# Juniper Lake - Go chase bass



## FishWalton

Juniper Lake will see some bass chasers soon.


----------



## The Pirate Ed

*Juniper Lake*

How do you sign up for this tournament? Is there a point of contact? Is it a team tournament? What are the rules?

Thanks,


----------



## FishWalton

*Tournament Contact*

For More info on the Juniper tournament:

A & W Bait and Tackle
850-892-3030

www.facebook.com/awbaitandtackle


----------



## FishWalton

*Rules*

Here are the rules for the tournament at Juniper Lake


----------



## skiff89_jr

I might be interested in the Cassidy tournament? Who would I contact for that? 

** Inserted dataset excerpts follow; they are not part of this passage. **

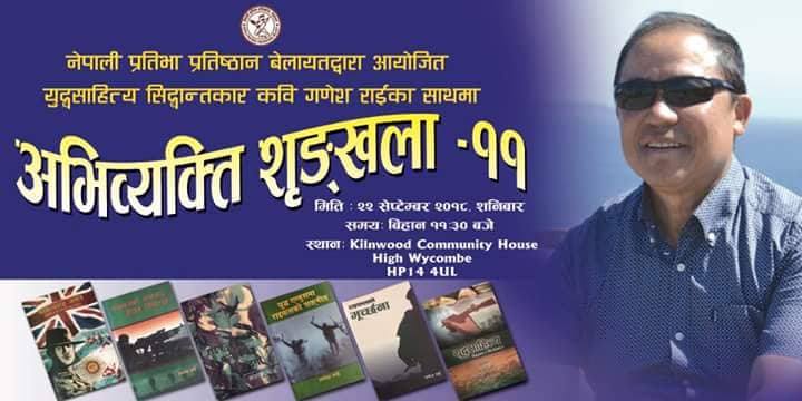 काठमाडौँ, ४ असोज – नेपाली प्रतिभा प्रतिष्ठान बेलायतले बर्सेनी आयोजना गर्दै आएको लोकप्रिय कार्यक्रम ‘अभिव्यक्ति शृङ्खला’को एघारौँँ संस्करणमा युद्धसाहित्य सिद्धान्तकार, साहित्यकार तथा कवि गणेश राई प्रस्तुत हुने भएका छन् । सेप्टेम्बर २२ तारिक शनिबारका दिन लन्डननजिकै हाईवेकमको क्लिनउड कम्युनिटी हाउसमा आयोजना हुने भव्य समारोहमा कवि राई आफ्नो दर्जन बढी युद्धकविता र युद्धसाहित्य अवधारणासहित प्रस्तुत हुनेछन् । राईका कविता संग्रह ‘राईफलले फलाकेको जिन्दगी’ तथा तीन वटा उपन्यास ‘राईफलको नालबाट जीवन नियाल्दा,’ ‘युद्ध एम्बुसमा राईफलको संगीत’, ‘राईफलको मूच्र्छना’ र ‘फोकल्यान्ड जर्नल’ कृति प्रकाशित छन् ।
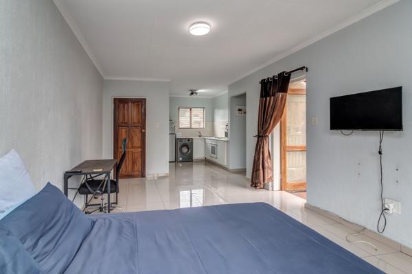 This fully tiled unit offers a spacious open-plan layout, providing ample room for a bed, lounge or dining suite, and a dedicated work area. While there is no separate bedroom, the clever design maximizes space and functionality
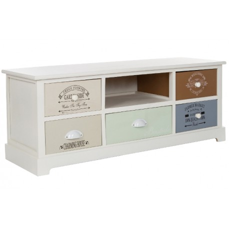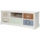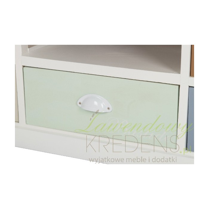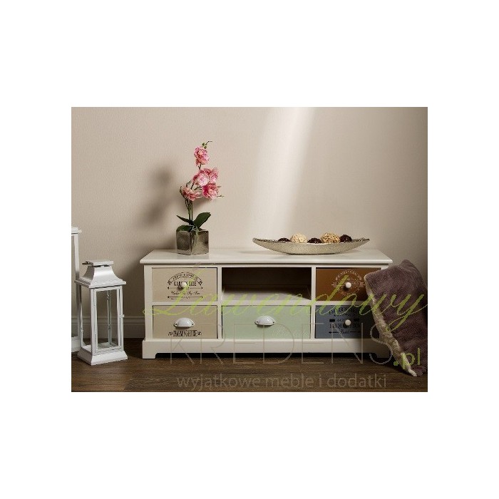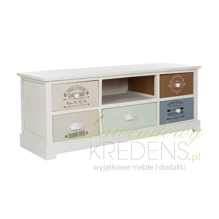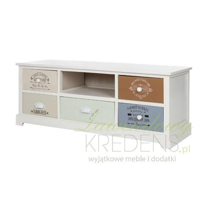 Szeroka komoda z kolorowymi szufladami, któe pięknie eksponują białą powierzchnię mebla! Odważ się i zmień wnętrze na lepsze! Komoda posiada dwa otwory na kable.

Might want to post this on the freshwater thread. I'm sure a few of those bass guys might be interested. I stumbled across this thread because this section get overlooked a lot of the time.

Thanks for the info J.B.


----------



## FishWalton

*Hmmmm.......don't know*

Hmmmmm........I don't know who you would contact on the Cassidy Tournament, but maybe the guys listed on the Juniper rules brochure would be a good place to start. For some reason bass tournaments aren't mentioned much on PFF, yet they are held all over the panhandle. 
Maybe the guys in the tournament circuit have another forum to keep everyone informed or maybe just club members participate. 
What we need is to start up a Bream/Crappie circuit. Something like that would get me out of the LazyBoy


----------



## auguy7777

Nah, it's because most bass anglers don't like anglers from other clubs fishing their clubs. I could care less though. You gotta be confident in thinking you can beat anybody. If I get back here from Korea, I'm going to set one up open to every single person on every single forum and broadcast it everywhere. Skiff, don't do the Cassidy tournament...I'm showing up, lol....maybe.....


----------



## skiff89_jr

auguy7777 said:


> Nah, it's because most bass anglers don't like anglers from other clubs fishing their clubs. I could care less though. You gotta be confident in thinking you can beat anybody. If I get back here from Korea, I'm going to set one up open to every single person on every single forum and broadcast it everywhere. Skiff, don't do the Cassidy tournament...I'm showing up, lol....maybe.....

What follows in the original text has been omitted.